How to fix the contradictions you've already written
If you're reading this with a draft that already contradicts itself, the fix is structured, not chaotic.
First, get the rules straight. Re-read your design notes, then read your draft for all uses of magic. Build a list. For each use, note what rule it implies. You'll see the contradictions clearly when they're listed.
Decide which version is canon. For each contradiction, pick one. Usually you keep the version that better serves the plot or theme. Sometimes you discover that a "contradiction" is actually two valid uses of the system that you hadn't connected — in which case you keep both and refine the rule to accommodate them.

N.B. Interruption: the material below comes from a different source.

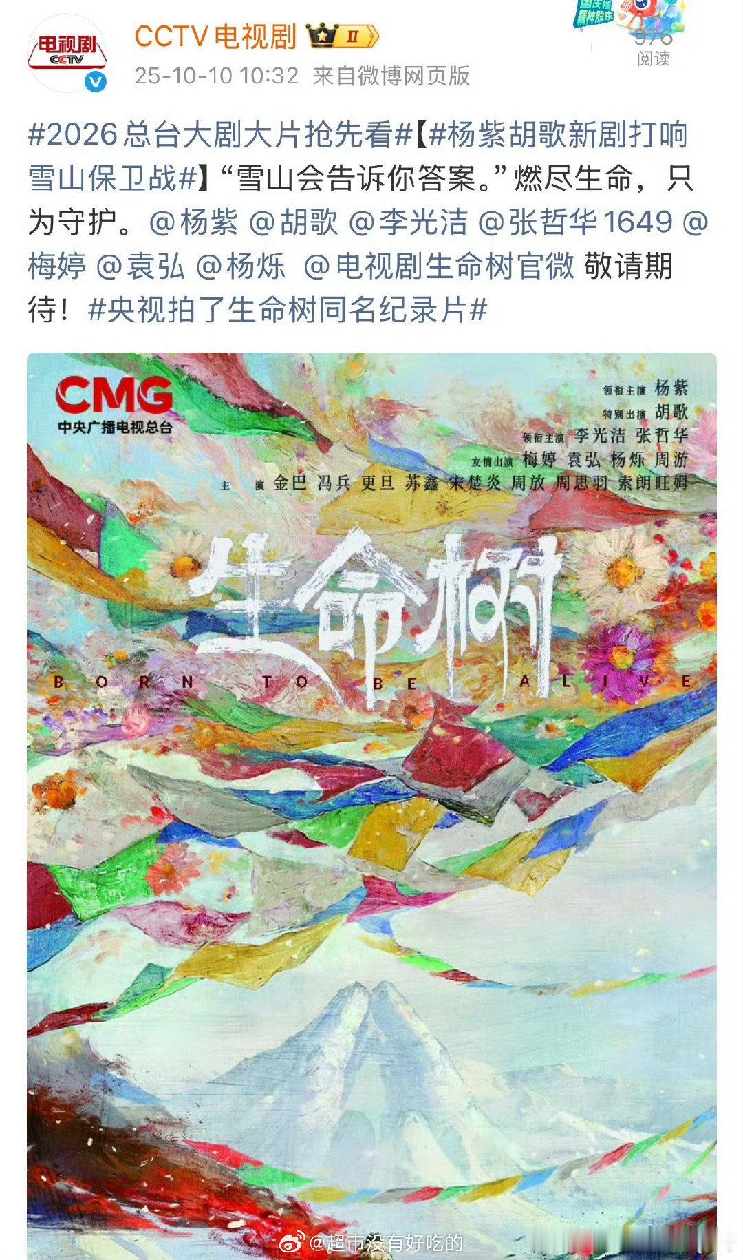 2026央视片单有生命树,期待杨紫白菊 [打call]

Revise toward the canonical version. Every scene that uses magic gets checked against the now-clarified rules. Scenes that contradict get rewritten. This is unglamorous work. It's also the only way out.
Build the system that catches the next round. Whatever process let the contradictions accumulate in this draft will let them accumulate in the next. Change the process: a live rules document, consulted while drafting, with tooling that surfaces contradictions automatically.
Where Inkwarden fits

This is exactly the problem Inkwarden's design addresses. Your magic system rules live in the same workspace as your draft — not in a separate document you have to remember to open. When your draft references magic in a way that contradicts what you've established, the system can flag it. Your characters know their own relationship to magic, so when you talk to them about a scene, they respond from what they actually know about the rules, not from a generic chatbot's idea of fantasy magic.
The world encyclopedia keeps your rules connected to the scenes that depend on them. The timeline keeps the history of magical events consistent. The book editor lets you draft without losing the thread back to your system. The whole point of the tool is that the world stays honest while you write.
Join the Inkwarden waitlist if your magic system has been quietly mutating on you.
The bottom line
Magic system contradictions aren't a sign of bad writing. They're a sign that the rules of an invented system are harder to keep straight than the rules of the real world — and you're trying to do it across hundreds of pages and months or years of drafting. Design tight, write down what you commit to in the prose, consult the rules constantly, and use tools that catch the slips you'll inevitably make.
Your readers will notice contradictions even when they can't name them. The world will feel wobbly. Fix it at the source: a magic system that's solid enough to lean on, and a working process that keeps it solid as you write.